Das ist die Buße, die dir der Herr auflegt.'
Da nahm der Einsiedler das Stück Holz und ging in die
Welt zurück, die er so lange nicht gesehen hatte. Er aß
und trank nichts, als was man ihm an den Türen reichte;
manche Bitte aber ward nicht gehört, und manche Türe
blieb ihm verschlossen, also daß er oft ganze Tage lang
keinen Krumen Brot bekam. Einmal war er vom Morgen bis Abend
von Türe zu Türe gegangen, niemand hatte ihm etwas
gegeben, niemand wollte ihn die Nacht beherbergen, da ging er
hinaus in einen Wald und fand endlich eine angebaute Höhle,
und eine alte Frau saß darin. Da sprach er 'gute Frau,
behaltet mich diese Nacht in Euerm Hause.' Aber sie antwortete
'nein, ich darf nicht, wenn ich auch wollte.
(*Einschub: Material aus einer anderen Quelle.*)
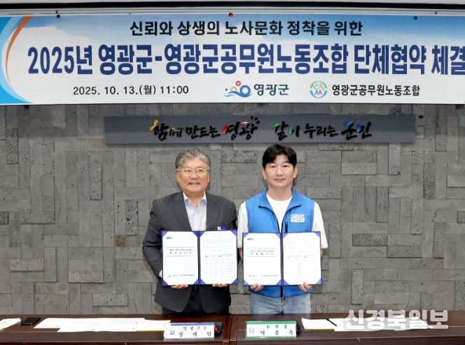 [ 신경북일보 ] 영광군은 지난 10월 13일 군청 2층 소회의실에서 영광군공무원노동조합과 “2025년 단체협약식”을 체결했다.

Ich habe drei Söhne,
die sind bös und wild, wenn sie von ihrem Raubzug heim
kommen und finden Euch, so würden sie uns beide umbringen.'
Da sprach der Einsiedler 'laßt mich nur bleiben, sie werden
Euch und mir nichts tun,' und die Frau war mitleidig und ließ
sich bewegen. Da legte sich der Mann unter die Treppe und das
Stück Holz unter seinen Kopf. Wie die Alte das sah, fragte
sie nach der Ursache, da erzählte er ihr, daß er
es zur Buße mit sich herumtrage und nachts zu einem Kissen
brauche. Er habe den Herrn beleidigt, denn als er einen armen
Sünder auf dem Gang nach dem Gericht gesehen, habe er gesagt,
diesem widerfahre sein Recht. Da fing die Frau an zu weinen
und rief 'ach, wenn der Herr ein einziges Wort also bestraft,
wie wird es meinen Söhnen ergehen, wenn sie vor ihm im
Gericht erscheinen.'
Um Mitternacht kamen die Räuber heim, lärmten und
tobten. Sie zündeten ein Feuer an, und als das die Höhle
erleuchtete und sie einen Mann unter der Treppe liegen sahen,
gerieten sie in Zorn und schrien ihre Mutter an 'wer ist der
Mann? haben wirs nicht verboten, irgend jemand aufzunehmen?'
Da sprach die Mutter 'laßt ihn, es ist ein armer Sünder,
der seine Schuld büßt.' Die Räuber fragten 'was
hat er getan? Alter,' riefen sie, erzähl uns deine Sünden.'
Der Alte erhob sich und sagte ihnen, wie er mit einem einzigen
Wort schon so gesündigt habe, daß Gott ihm zürne,
und er für diese Schuld jetzt büße. Den Räubern
ward von seiner Erzählung das Herz so gewaltig gerührt,
daß sie über ihr bisheriges Leben erschraken, in
sich gingen und mit herzlicher Reue ihre Buße begannen.
Der Einsiedler, nachdem er die drei Sünder bekehrt hatte,
legte sich wieder zum Schlafe unter die Treppe. Am Morgen aber
fand man ihn tot,' und aus dem trocknen Holz, auf welchem sein
Haupt lag' waren drei grüne Zweige hoch emporgewachsen.
Also hatte ihn der Herr wieder in Gnaden zu sich aufgenommen.